DRINK driver Neil Hunt tried to overturn his conviction and three-year ban by claiming police had ignored his needle phobia.

The 48-year-old said that despite providing a positive sample of breath, he was denied the opportunity of a laboratory sample as he was told it meant giving blood.

But Judge Tom Long-botham, sitting with two magistrates at Swindon Crown Court, found against him and rejected his appeal against a conviction for drink driving.

Hunt said he was driving home from the Milton Road Club where he was acting secretary early on June 24 last year when he was stopped.

After failing a roadside breath test, he was taken from Faringdon Road to Westlea police station where he was formerly breathalysed.

PC Stephen Harding, the arresting officer, told the court that he provided two samples, which had 42mg and 45mg of alcohol per 100ml of breath. The legal limit is 35mg.

But he said that as the readings were under 50mg Hunt was offered the opportunity of providing a sample for laboratory testing instead of the breath test result.

The officer told the court that he read out a standard form telling Hunt that a sample of blood or urine would be taken by a doctor.

Although it was up to the police to decide which to ask for, he told the defendant that if there was a medical reason for it being either blood or urine then the doctor would decide.
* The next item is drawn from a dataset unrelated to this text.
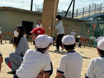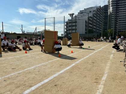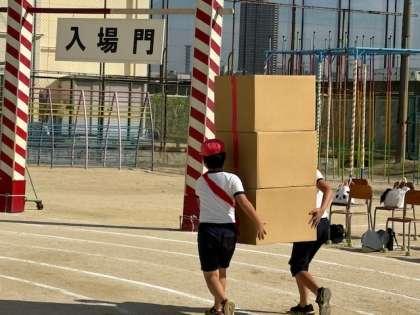 プログラム3「あなたは慎重派?大胆派?」5.6年生の段ボール運び。保護者の皆さんも真剣に運びます。
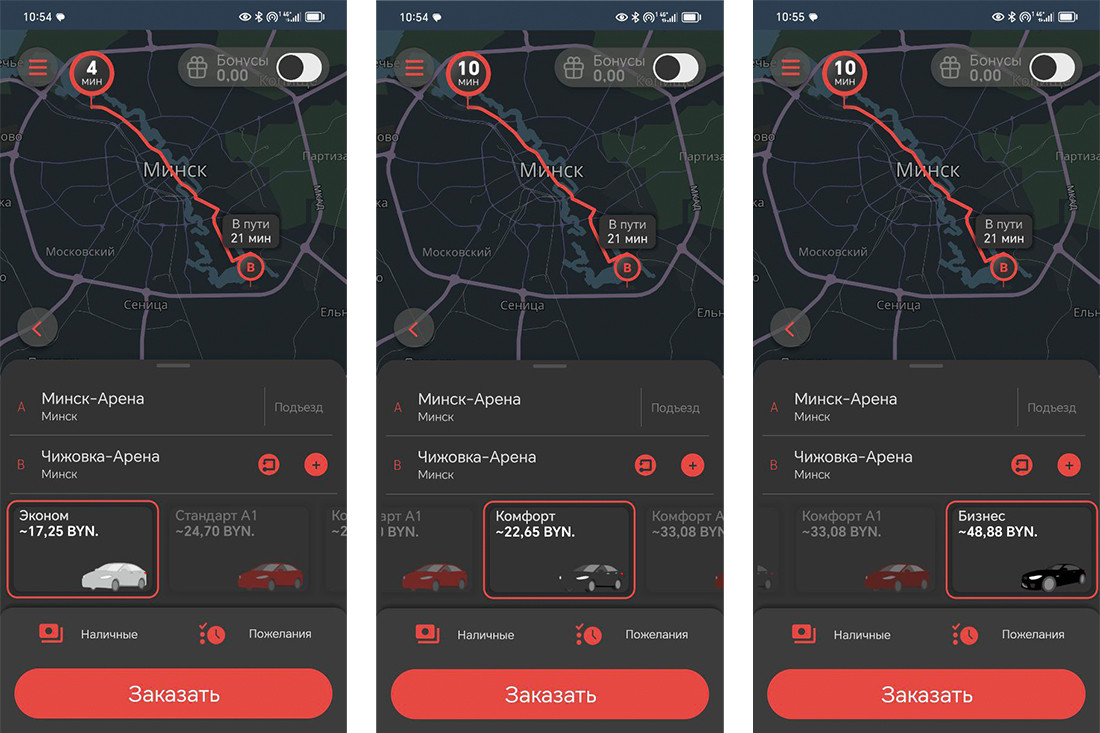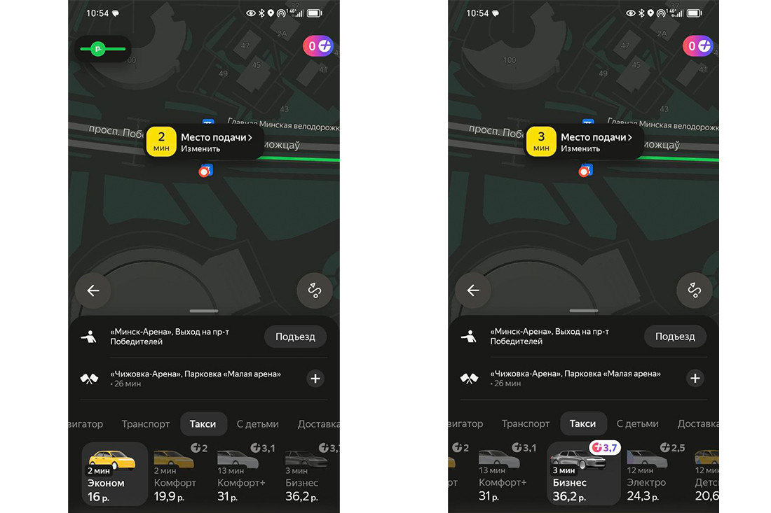 Третий условный маршрут для сравнения, на этот раз длинный, от «Минск-Арены» до «Чижовка-Арены». Занятно, что и в этот раз «А1 Такси» обещает добраться быстрее — за 21 минуту, расчетное время у «Яндекс Go» — 26 минут. И в остальном тенденции схожи с теми, что мы видели на примере предыдущих маршрутов.

Under cross-examination, Hunt, representing himself, put it to the officer that he told him a needle phobia would not be an acceptable excuse at the police station, something PC Harding could not recall.

Giving evidence under oath from the witness box, Hunt said that he had been frightened of needles since childhood.

Hunt, of The Mountings, Wroughton, had denied a charge of driving with excess alcohol.

The court heard that Hunt was also banned from the road for drink driving in 1995, meaning the minimum disqualification is three years.

He was fined £110 with £364 costs from the initial hearing and a further £276 towards the costs of the appeal.